Charles Pratt, 1st Earl Camden
  • A good corroborating chain, if they fail in the last link, the whole will fall to the ground.
    • Wilkes v. Wood (1763), Lofft. 12.
  • Gentlemen, I speak for myself as well as for you: I never read anything about what may come before me in a Court of Justice; I keep my mind free from everything of the kind. There is often a necessity for me to look into the law: but I never suffer my mind to be biassed by reports, or such papers or pamphlets as are written with a view to pervert justice.
    • Wilkes' Case (1763), 19 How. St. Tr. 1410.

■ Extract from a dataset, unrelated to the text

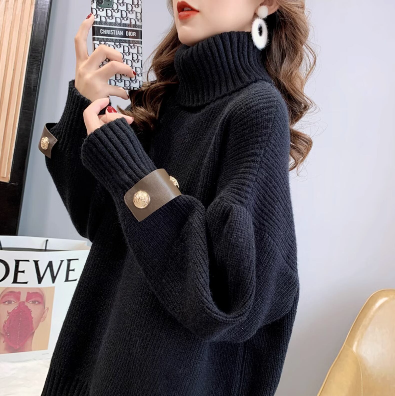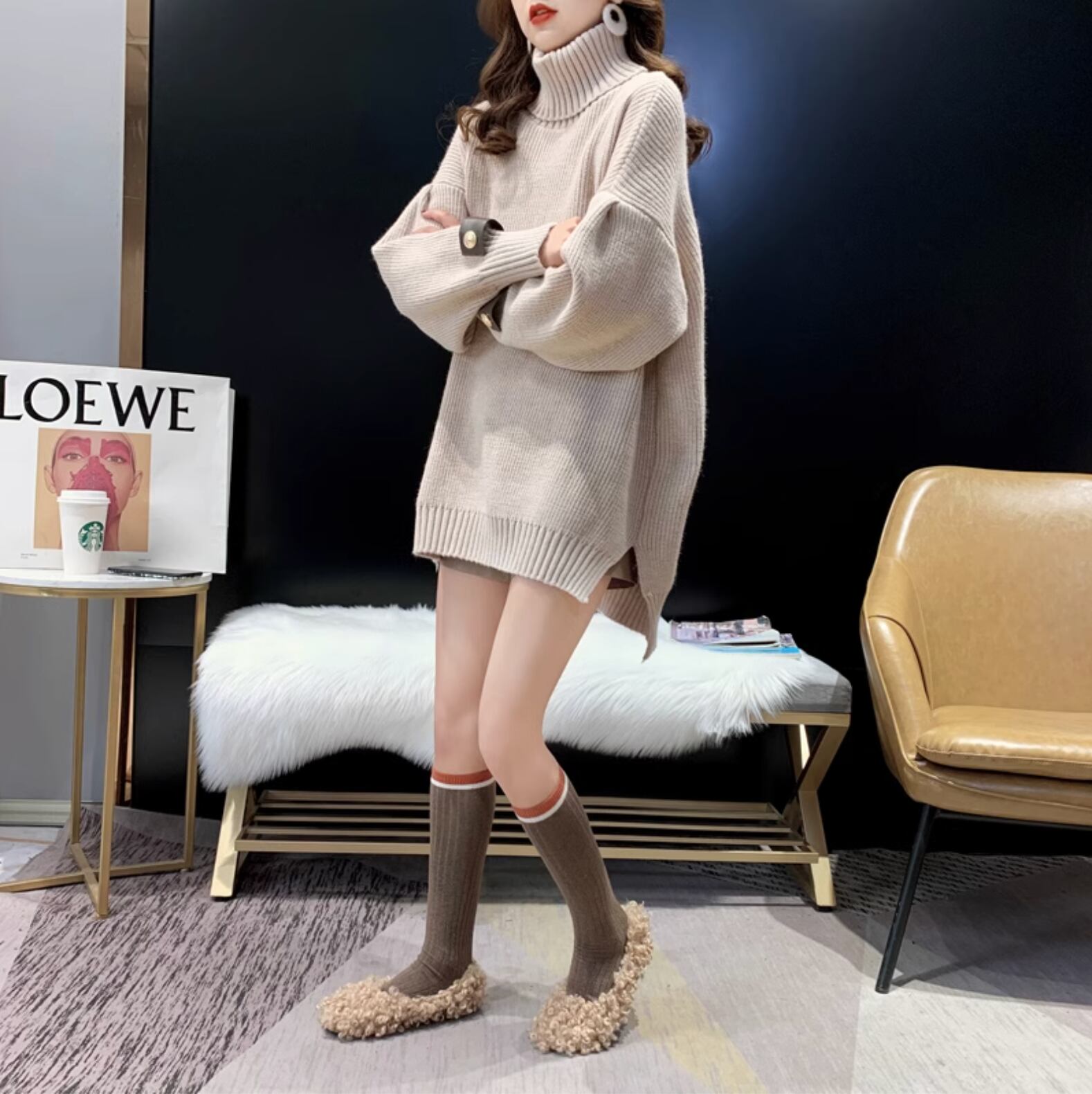 大人可愛いタートルネックのリブニットです。厚手の素材で保温性にも優れており、秋冬にぴったりの一枚です。サイドに入ったスリットで脚長効果も期待できます。ゆったりとしたシルエットで体型もカバーしてくれます。

  • The great end, for which men entered into society, was to secure their property. That right is preserved sacred and incommunicable in all instances, where it has not been taken away or abridged by some public law for the good of the whole. The cases where this right of property is set aside by private law, are various. Distresses, executions, forfeitures, taxes etc are all of this description; wherein every man by common consent gives up that right, for the sake of justice and the general good. By the laws of England, every invasion of private property, be it ever so minute, is a trespass. No man can set his foot upon my ground without my license, but he is liable to an action, though the damage be nothing; which is proved by every declaration in trespass, where the defendant is called upon to answer for bruising the grass and even treading upon the soil. If he admits the fact, he is bound to show by way of justification, that some positive law has empowered or excused him. The justification is submitted to the judges, who are to look into the books; and if such a justification can be maintained by the text of the statute law, or by the principles of common law. If no excuse can be found or produced, the silence of the books is an authority against the defendant, and the plaintiff must have judgment.

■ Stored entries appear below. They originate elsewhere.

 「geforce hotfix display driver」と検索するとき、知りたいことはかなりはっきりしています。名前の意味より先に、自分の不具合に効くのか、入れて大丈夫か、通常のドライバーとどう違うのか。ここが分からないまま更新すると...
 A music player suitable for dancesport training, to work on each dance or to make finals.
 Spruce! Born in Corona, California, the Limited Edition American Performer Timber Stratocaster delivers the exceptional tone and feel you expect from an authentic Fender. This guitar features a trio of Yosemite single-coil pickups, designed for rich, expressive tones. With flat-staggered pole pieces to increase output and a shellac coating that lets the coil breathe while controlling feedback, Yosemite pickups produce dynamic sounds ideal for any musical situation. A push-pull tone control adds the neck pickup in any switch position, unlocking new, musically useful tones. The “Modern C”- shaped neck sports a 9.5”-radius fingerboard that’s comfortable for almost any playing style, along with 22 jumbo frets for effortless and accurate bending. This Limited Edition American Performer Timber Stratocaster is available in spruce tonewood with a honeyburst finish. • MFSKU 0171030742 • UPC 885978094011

    • Entick v. Carrington. 19 Howell’s State Trials 1029 (1765). Constitution Society. Retrieved on 2008-11-13.
  • Taxation and representation are inseparable... whatever is a man's own, is absolutely his own; no man has a right to take it from him without his consent, either expressed by himself or representative; whoever attempts to do it, attempts an injury; whoever does it, commits a robbery; he throws down and destroys the distinction between liberty and slavery.
    • Speech in the House of Lords, on the taxation of Americans by the British parliament, 7 March 1766; as reported in The Oxford Dictionary of Quotations (1990), 2nd edn., p. 60.